• _GIVEN MATERIAL_

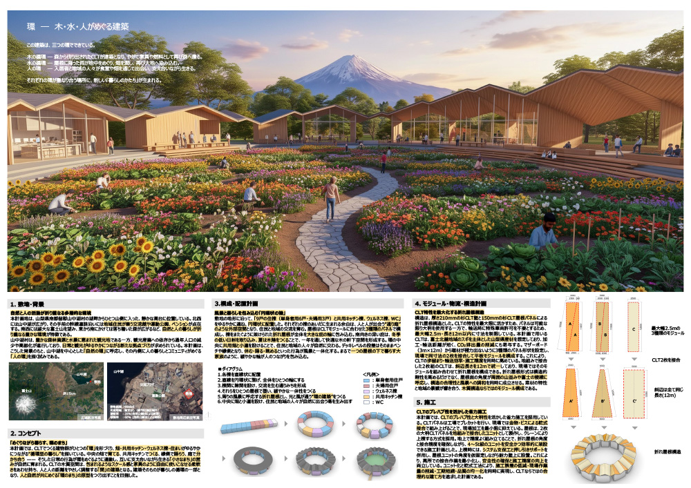 - 山梨県山中湖村の高台に大きな花畑・菜園を囲む円形の高齢者施設で、CLTパネルを斜めに切断して組み合わせた折板の円形屋根の連続と隙間を設けたインテリアの諸室の配列が美しい提案である。
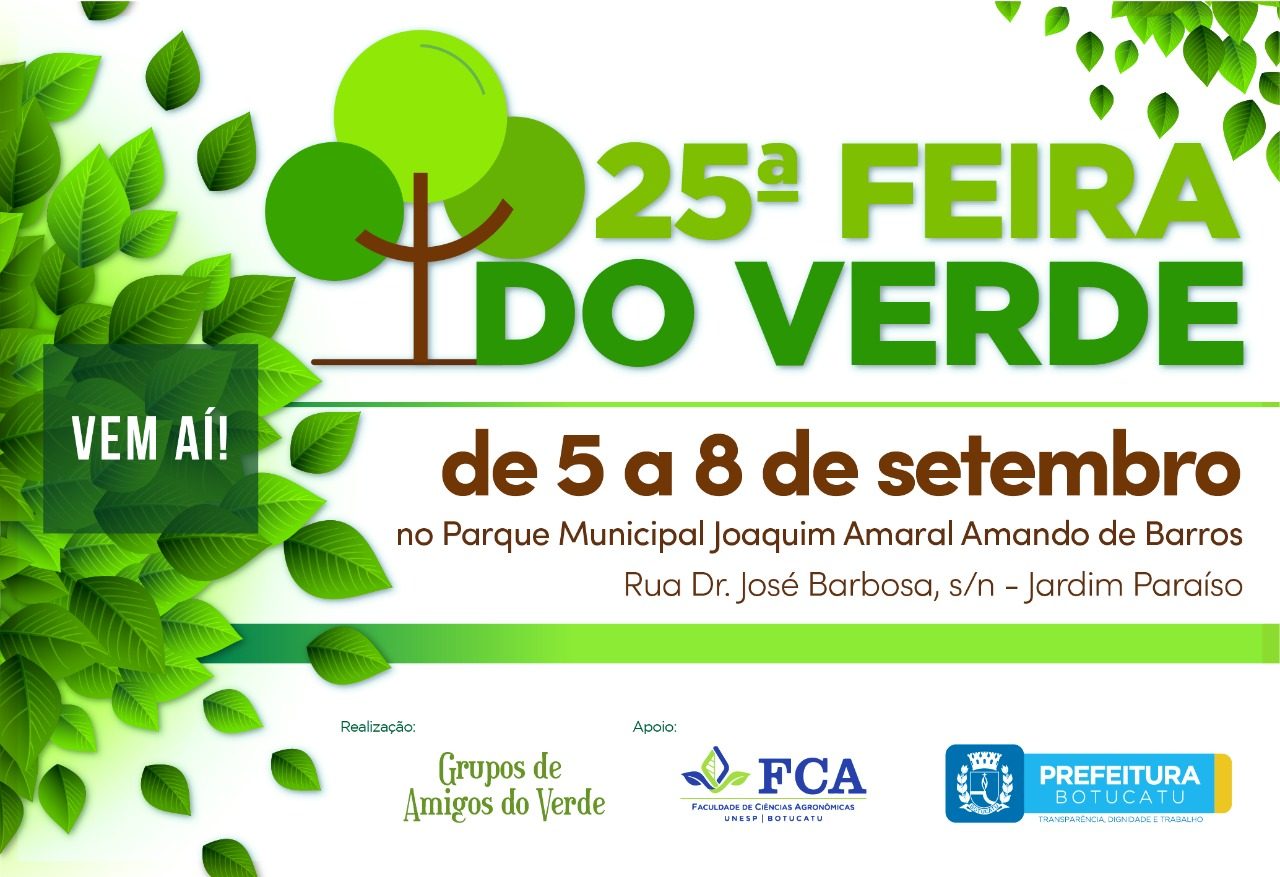 Entre os dias 05 e 08 de setembro, das 9 às 22 horas, o Grupo Amigos do Verde, com o apoio da Secretaria Municipal do Verde e da Faculdade de Ciências Agronômicas da Unesp de Botucatu, realizará a 25ª edição da Feira do Verde.
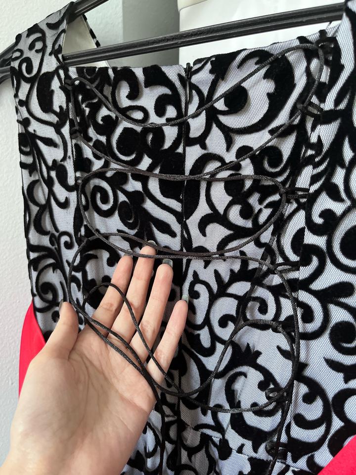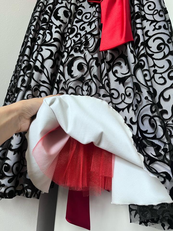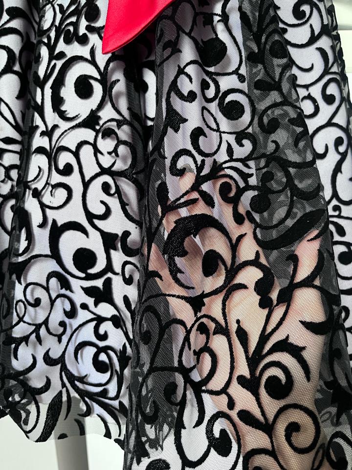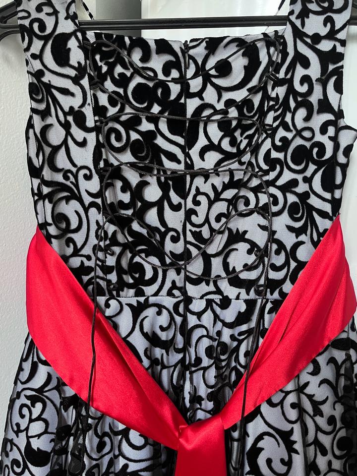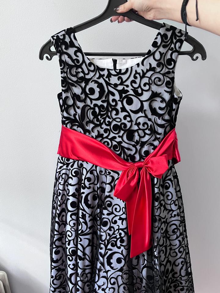 Детское платье от Российского бренда с хлопковым подкладом и завязками на спине. Черные узоры бархатные. На рост 140-146 Артикул: 573624

• _WHAT TO PRODUCE_
Wherever a picture appears in the listing above, drop it, and restate the rest exactly.

• _TASK RESULT_
 - 山梨県山中湖村の高台に大きな花畑・菜園を囲む円形の高齢者施設で、CLTパネルを斜めに切断して組み合わせた折板の円形屋根の連続と隙間を設けたインテリアの諸室の配列が美しい提案である。
 Entre os dias 05 e 08 de setembro, das 9 às 22 horas, o Grupo Amigos do Verde, com o apoio da Secretaria Municipal do Verde e da Faculdade de Ciências Agronômicas da Unesp de Botucatu, realizará a 25ª edição da Feira do Verde.
 Детское платье от Российского бренда с хлопковым подкладом и завязками на спине. Черные узоры бархатные. На рост 140-146 Артикул: 573624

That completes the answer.